- _Collected data_:
▬▬▬▬▬▬

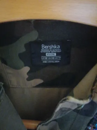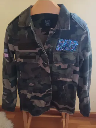 Camisa de camuflaje con detalles únicos. - Parche de lentejuelas brillantes en el pecho. - Diseño con múltiples bolsillos. - Acabado deshilachado en el bajo.
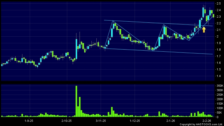 區域突破指股價在過去的一段時間只在一個範圍在內活動,然後股價上升作出突破,升穿區域的頂部,技術走勢向好。(港股報價延遲最少十五分鐘。沽空資料截至 2026-02-06 16:25。)
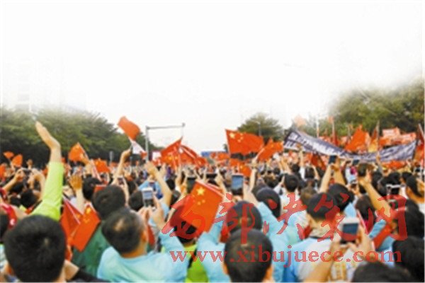 深馬參賽者揮舞國旗。

▬▬▬▬▬▬

- _Work order_: In transcribing the listing, keep each word as it is and drop the pictures.

- _Your solution_:
 Camisa de camuflaje con detalles únicos. - Parche de lentejuelas brillantes en el pecho. - Diseño con múltiples bolsillos. - Acabado deshilachado en el bajo.
 區域突破指股價在過去的一段時間只在一個範圍在內活動,然後股價上升作出突破,升穿區域的頂部,技術走勢向好。(港股報價延遲最少十五分鐘。沽空資料截至 2026-02-06 16:25。)
 深馬參賽者揮舞國旗。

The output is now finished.